> [EXERCISE DIRECTIONS] Word for word, please copy the line containing "Русская семья в" and all lines after it in the entries below, and only those, leaving every picture out.

> [DATA EXCERPTS]
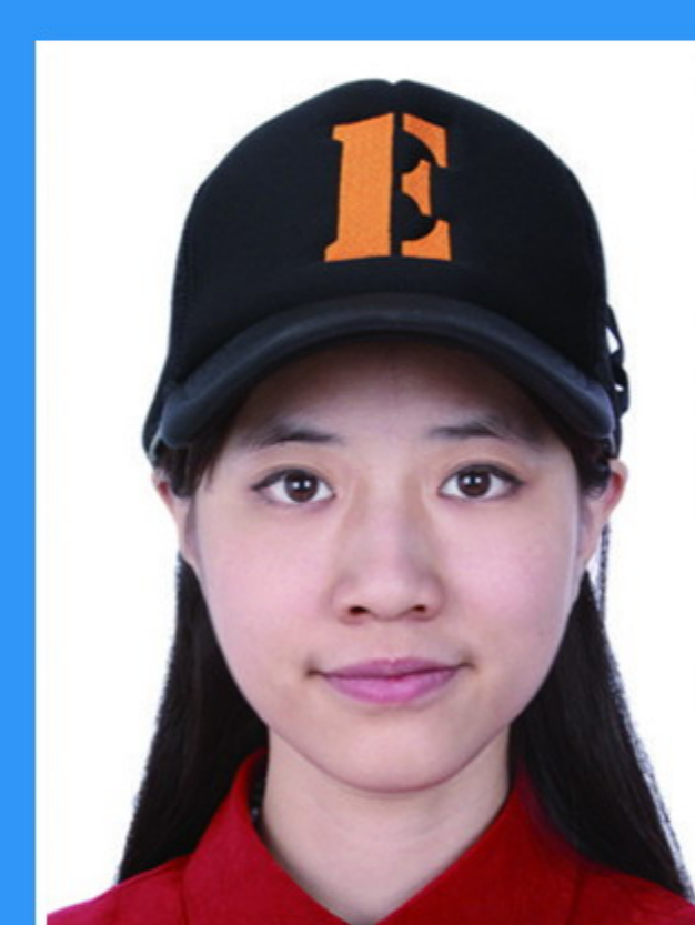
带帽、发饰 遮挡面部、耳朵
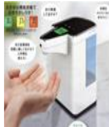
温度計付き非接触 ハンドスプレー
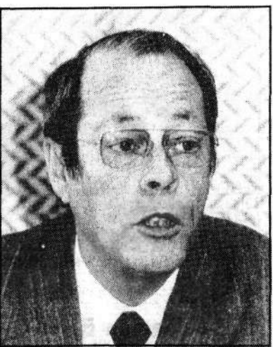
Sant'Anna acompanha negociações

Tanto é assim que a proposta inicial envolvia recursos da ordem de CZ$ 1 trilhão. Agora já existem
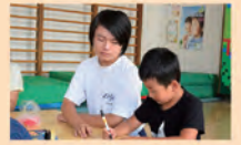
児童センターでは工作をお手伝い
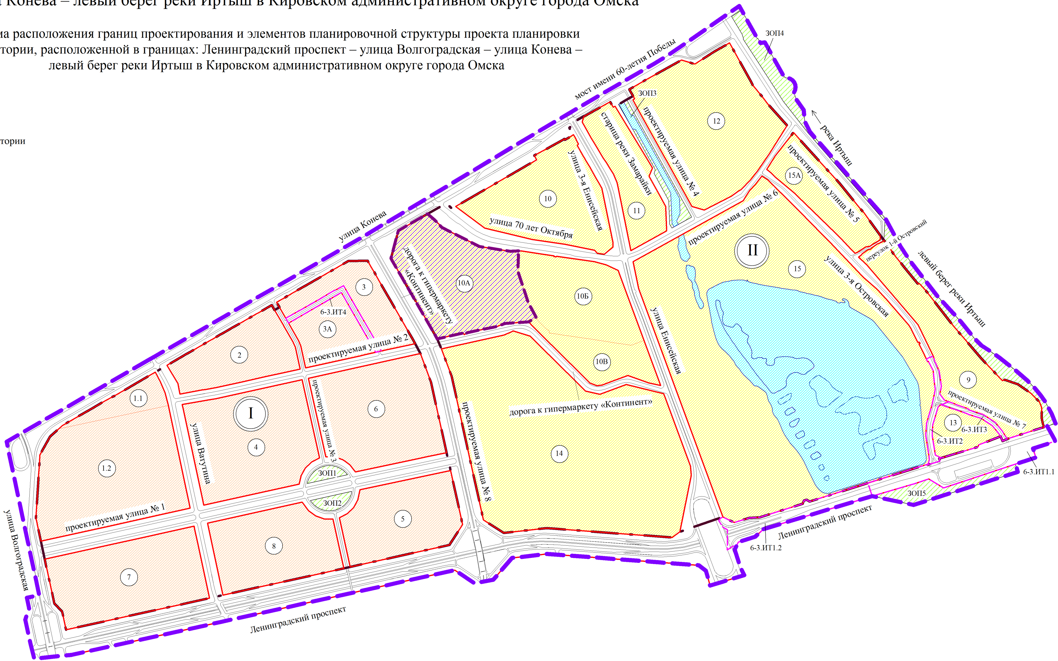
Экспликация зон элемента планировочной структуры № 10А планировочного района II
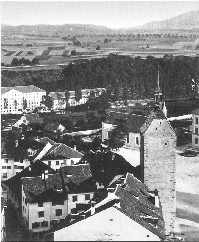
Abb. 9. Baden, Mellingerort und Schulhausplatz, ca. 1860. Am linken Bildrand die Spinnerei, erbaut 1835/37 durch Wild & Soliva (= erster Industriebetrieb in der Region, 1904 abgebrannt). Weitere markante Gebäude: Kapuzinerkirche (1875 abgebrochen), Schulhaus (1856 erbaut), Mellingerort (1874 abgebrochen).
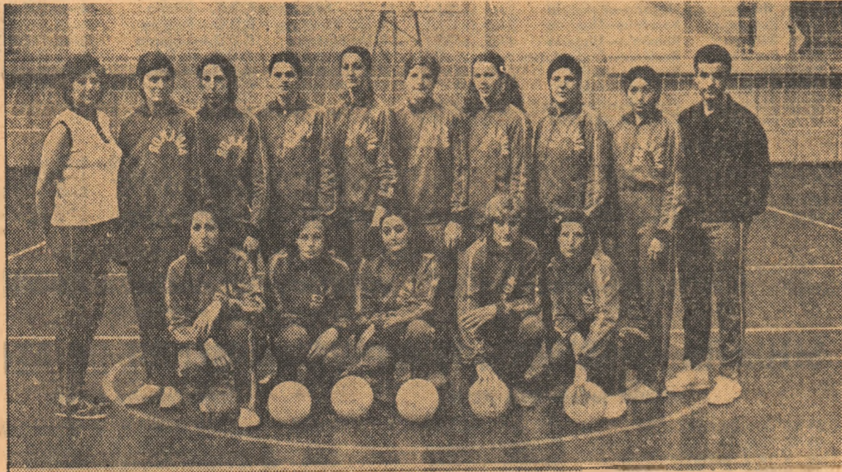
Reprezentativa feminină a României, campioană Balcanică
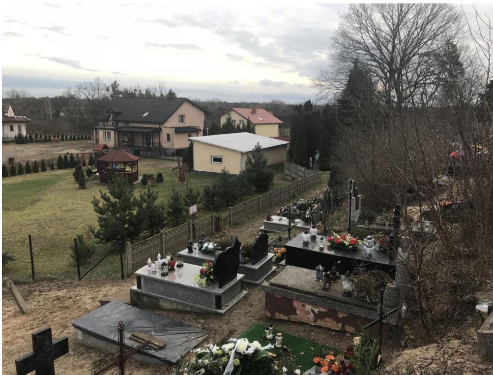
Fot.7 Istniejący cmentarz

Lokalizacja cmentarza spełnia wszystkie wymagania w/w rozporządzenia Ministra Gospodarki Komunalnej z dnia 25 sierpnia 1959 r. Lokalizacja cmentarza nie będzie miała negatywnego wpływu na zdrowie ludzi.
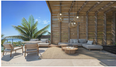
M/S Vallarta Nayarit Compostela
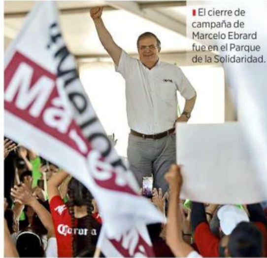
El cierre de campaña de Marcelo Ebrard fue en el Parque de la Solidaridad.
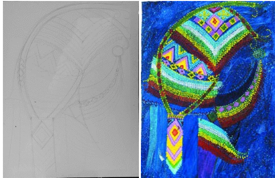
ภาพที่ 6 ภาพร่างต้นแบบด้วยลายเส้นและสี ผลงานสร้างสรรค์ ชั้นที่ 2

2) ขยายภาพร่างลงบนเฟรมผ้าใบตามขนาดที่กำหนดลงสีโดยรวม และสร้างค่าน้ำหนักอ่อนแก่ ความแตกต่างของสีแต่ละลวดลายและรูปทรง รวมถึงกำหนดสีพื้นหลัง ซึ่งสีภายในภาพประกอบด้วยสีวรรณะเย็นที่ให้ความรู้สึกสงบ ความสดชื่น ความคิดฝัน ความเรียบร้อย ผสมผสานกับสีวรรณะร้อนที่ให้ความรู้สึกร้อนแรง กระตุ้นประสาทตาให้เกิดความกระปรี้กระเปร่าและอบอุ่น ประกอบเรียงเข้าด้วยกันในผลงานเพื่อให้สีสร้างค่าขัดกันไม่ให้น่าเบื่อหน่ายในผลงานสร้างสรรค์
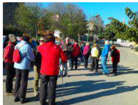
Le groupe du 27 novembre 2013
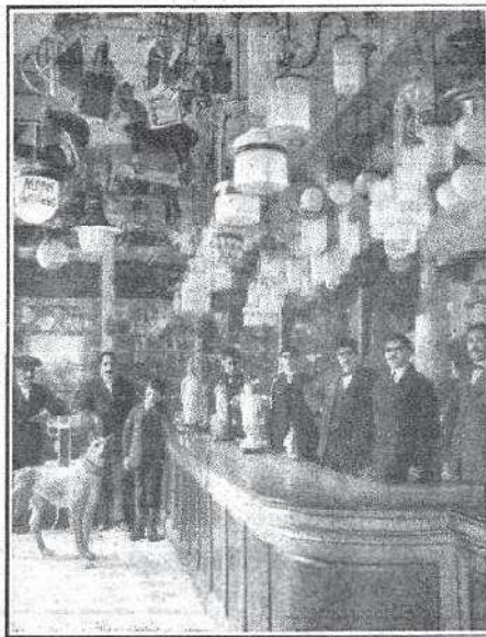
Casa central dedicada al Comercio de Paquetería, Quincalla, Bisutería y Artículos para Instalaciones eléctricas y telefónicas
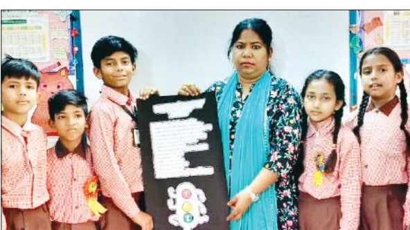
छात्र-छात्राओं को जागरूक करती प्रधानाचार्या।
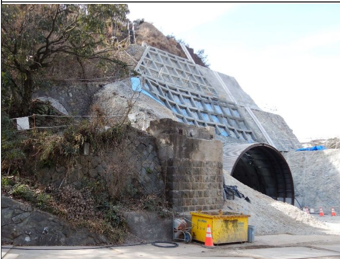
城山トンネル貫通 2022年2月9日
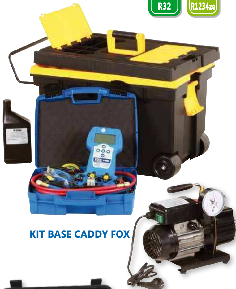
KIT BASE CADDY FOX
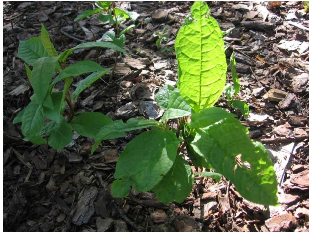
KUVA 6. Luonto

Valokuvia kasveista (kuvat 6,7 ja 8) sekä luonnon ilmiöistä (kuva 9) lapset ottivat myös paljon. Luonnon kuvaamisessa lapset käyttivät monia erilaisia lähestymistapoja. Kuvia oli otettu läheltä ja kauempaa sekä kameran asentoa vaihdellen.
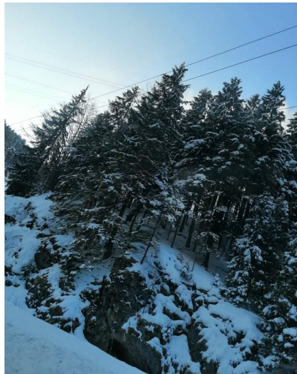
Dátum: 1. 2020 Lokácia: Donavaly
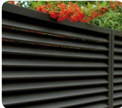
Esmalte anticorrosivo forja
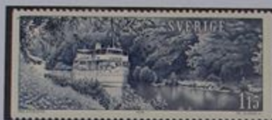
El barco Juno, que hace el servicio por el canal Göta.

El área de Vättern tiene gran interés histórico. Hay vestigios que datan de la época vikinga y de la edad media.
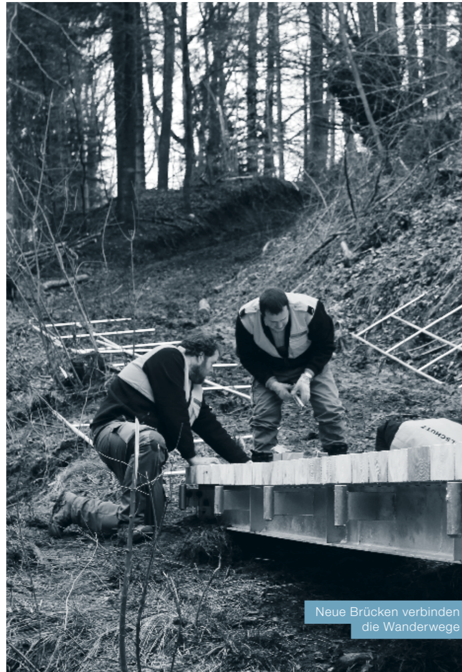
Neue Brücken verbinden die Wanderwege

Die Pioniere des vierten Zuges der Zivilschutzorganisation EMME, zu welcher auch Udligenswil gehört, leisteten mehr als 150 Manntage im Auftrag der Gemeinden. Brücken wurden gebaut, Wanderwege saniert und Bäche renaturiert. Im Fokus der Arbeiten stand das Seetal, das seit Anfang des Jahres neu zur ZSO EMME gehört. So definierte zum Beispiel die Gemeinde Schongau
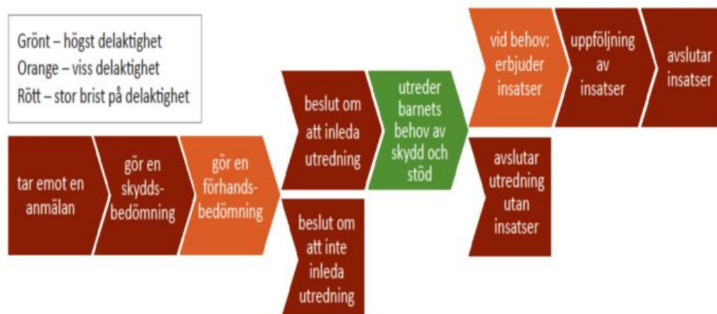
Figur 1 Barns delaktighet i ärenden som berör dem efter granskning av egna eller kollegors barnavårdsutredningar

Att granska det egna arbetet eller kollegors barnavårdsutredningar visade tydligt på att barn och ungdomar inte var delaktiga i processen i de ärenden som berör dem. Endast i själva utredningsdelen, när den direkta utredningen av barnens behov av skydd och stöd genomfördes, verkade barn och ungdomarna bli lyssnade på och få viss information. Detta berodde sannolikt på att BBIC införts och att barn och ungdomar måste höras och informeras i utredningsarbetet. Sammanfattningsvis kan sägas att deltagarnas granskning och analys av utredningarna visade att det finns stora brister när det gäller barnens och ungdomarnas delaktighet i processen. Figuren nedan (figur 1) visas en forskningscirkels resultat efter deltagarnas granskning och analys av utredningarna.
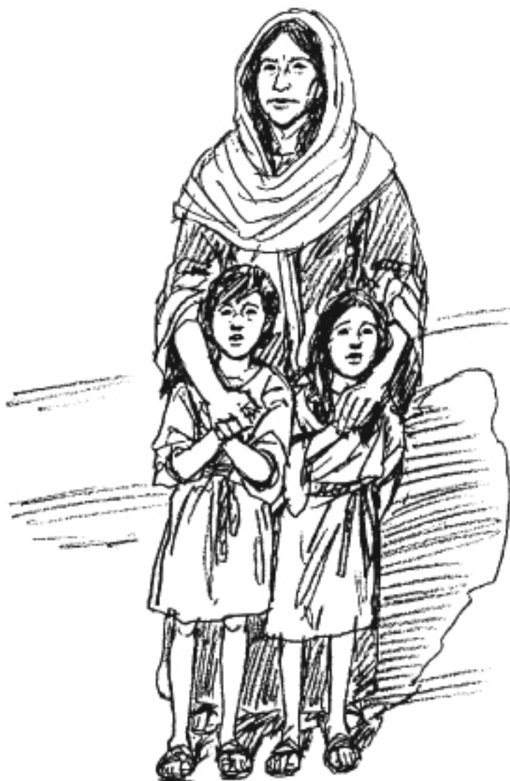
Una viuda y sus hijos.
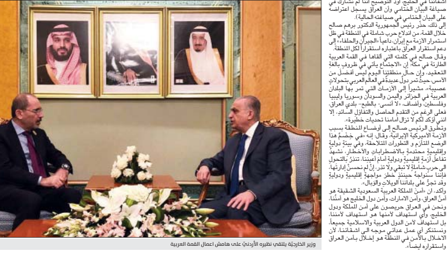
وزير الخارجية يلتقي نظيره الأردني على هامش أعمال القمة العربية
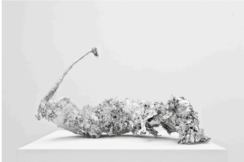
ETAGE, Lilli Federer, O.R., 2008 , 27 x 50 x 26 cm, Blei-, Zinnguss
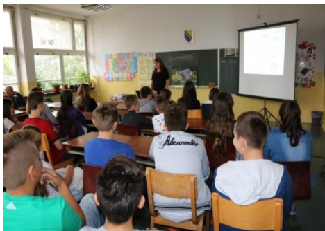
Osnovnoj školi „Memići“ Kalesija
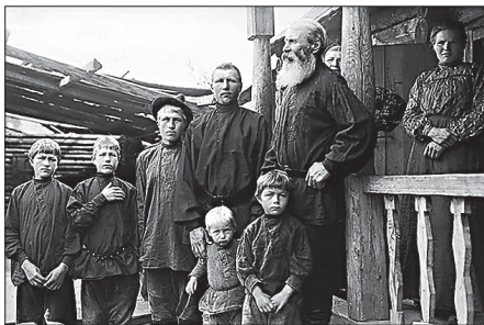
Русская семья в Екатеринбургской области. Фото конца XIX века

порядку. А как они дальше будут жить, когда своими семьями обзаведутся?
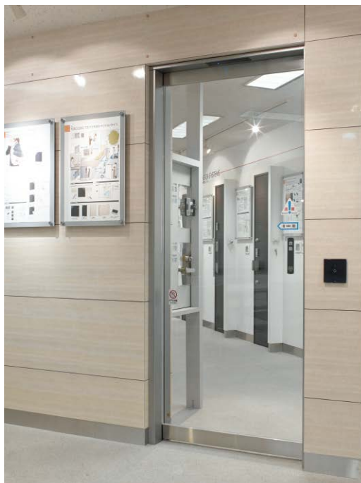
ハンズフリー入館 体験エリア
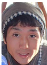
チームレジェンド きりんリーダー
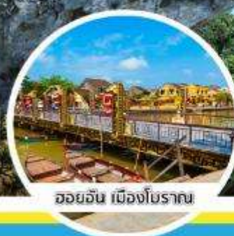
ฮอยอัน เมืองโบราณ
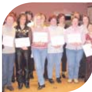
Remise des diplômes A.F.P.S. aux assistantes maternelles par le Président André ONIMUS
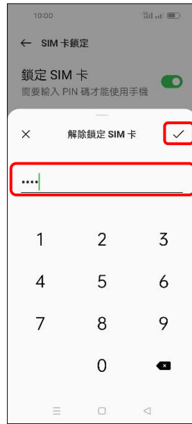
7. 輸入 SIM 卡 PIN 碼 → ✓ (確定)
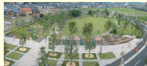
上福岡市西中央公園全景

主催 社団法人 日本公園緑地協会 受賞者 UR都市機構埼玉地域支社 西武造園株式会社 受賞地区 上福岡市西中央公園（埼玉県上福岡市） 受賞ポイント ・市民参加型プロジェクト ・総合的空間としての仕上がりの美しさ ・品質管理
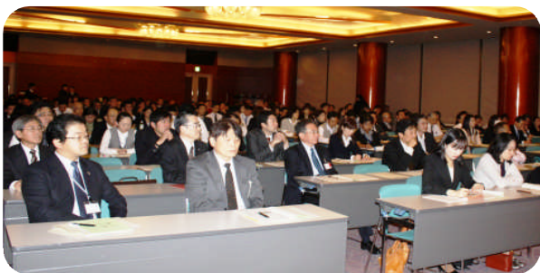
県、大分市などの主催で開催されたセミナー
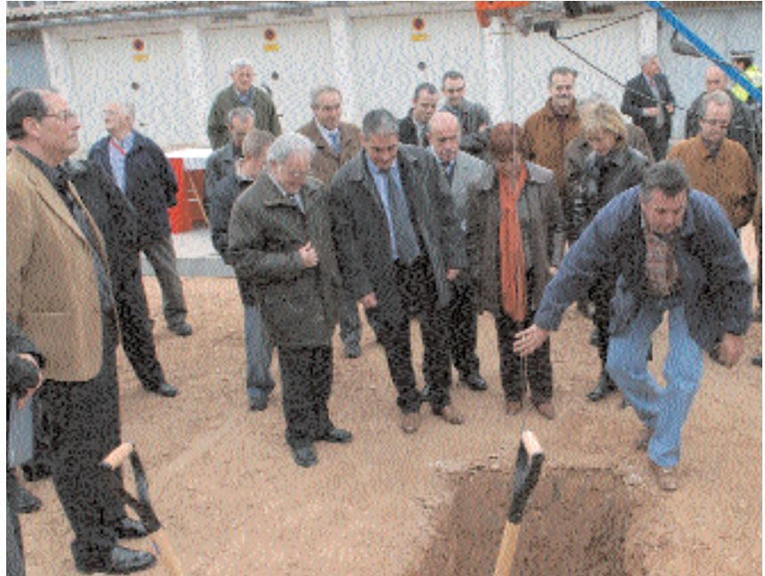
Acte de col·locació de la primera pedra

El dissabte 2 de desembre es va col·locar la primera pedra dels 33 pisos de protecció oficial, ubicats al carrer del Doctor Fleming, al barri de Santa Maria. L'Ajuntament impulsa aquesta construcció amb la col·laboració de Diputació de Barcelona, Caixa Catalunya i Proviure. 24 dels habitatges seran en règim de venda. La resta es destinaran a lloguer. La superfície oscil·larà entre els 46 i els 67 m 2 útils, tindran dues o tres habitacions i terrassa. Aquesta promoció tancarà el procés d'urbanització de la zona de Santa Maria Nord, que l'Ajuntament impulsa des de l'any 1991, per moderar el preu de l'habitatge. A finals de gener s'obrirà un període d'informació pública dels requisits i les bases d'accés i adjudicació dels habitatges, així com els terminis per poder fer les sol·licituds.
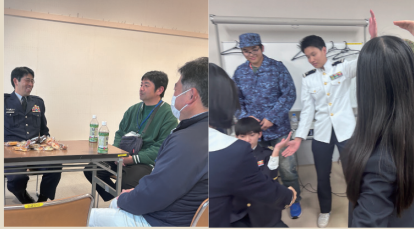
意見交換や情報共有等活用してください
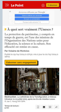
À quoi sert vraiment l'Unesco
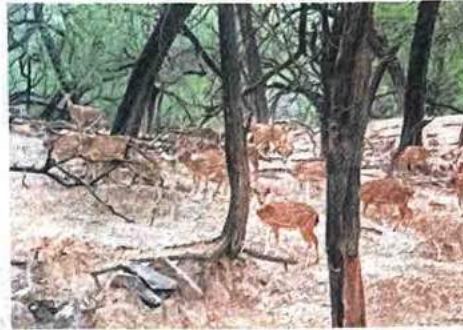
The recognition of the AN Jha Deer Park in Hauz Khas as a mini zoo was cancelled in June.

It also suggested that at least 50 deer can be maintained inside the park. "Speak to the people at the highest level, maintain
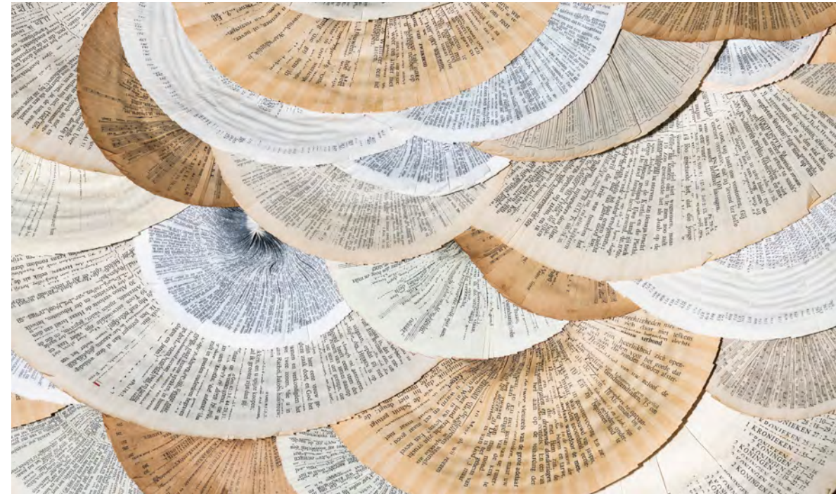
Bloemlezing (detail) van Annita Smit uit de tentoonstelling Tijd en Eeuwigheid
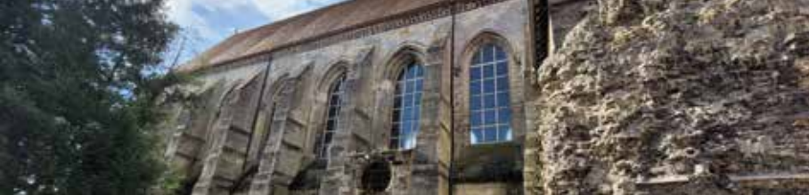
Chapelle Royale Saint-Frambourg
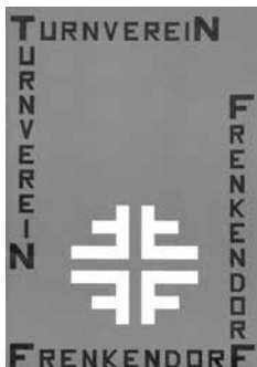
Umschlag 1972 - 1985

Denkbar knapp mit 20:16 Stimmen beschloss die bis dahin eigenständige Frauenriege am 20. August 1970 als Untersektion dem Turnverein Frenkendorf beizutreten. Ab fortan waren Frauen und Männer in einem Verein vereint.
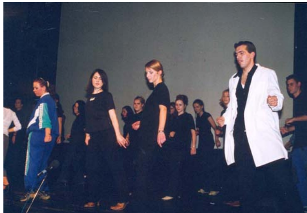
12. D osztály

> [TASK ANSWER]
Русская семья в Екатеринбургской области. Фото конца XIX века

порядку. А как они дальше будут жить, когда своими семьями обзаведутся?
ハンズフリー入館 体験エリア
チームレジェンド きりんリーダー
ฮอยอัน เมืองโบราณ
Remise des diplômes A.F.P.S. aux assistantes maternelles par le Président André ONIMUS
7. 輸入 SIM 卡 PIN 碼 → ✓ (確定)
上福岡市西中央公園全景

主催 社団法人 日本公園緑地協会 受賞者 UR都市機構埼玉地域支社 西武造園株式会社 受賞地区 上福岡市西中央公園（埼玉県上福岡市） 受賞ポイント ・市民参加型プロジェクト ・総合的空間としての仕上がりの美しさ ・品質管理
県、大分市などの主催で開催されたセミナー
Acte de col·locació de la primera pedra

El dissabte 2 de desembre es va col·locar la primera pedra dels 33 pisos de protecció oficial, ubicats al carrer del Doctor Fleming, al barri de Santa Maria. L'Ajuntament impulsa aquesta construcció amb la col·laboració de Diputació de Barcelona, Caixa Catalunya i Proviure. 24 dels habitatges seran en règim de venda. La resta es destinaran a lloguer. La superfície oscil·larà entre els 46 i els 67 m 2 útils, tindran dues o tres habitacions i terrassa. Aquesta promoció tancarà el procés d'urbanització de la zona de Santa Maria Nord, que l'Ajuntament impulsa des de l'any 1991, per moderar el preu de l'habitatge. A finals de gener s'obrirà un període d'informació pública dels requisits i les bases d'accés i adjudicació dels habitatges, així com els terminis per poder fer les sol·licituds.
意見交換や情報共有等活用してください
À quoi sert vraiment l'Unesco
The recognition of the AN Jha Deer Park in Hauz Khas as a mini zoo was cancelled in June.

It also suggested that at least 50 deer can be maintained inside the park. "Speak to the people at the highest level, maintain
Bloemlezing (detail) van Annita Smit uit de tentoonstelling Tijd en Eeuwigheid
Chapelle Royale Saint-Frambourg
Umschlag 1972 - 1985

Denkbar knapp mit 20:16 Stimmen beschloss die bis dahin eigenständige Frauenriege am 20. August 1970 als Untersektion dem Turnverein Frenkendorf beizutreten. Ab fortan waren Frauen und Männer in einem Verein vereint.
12. D osztály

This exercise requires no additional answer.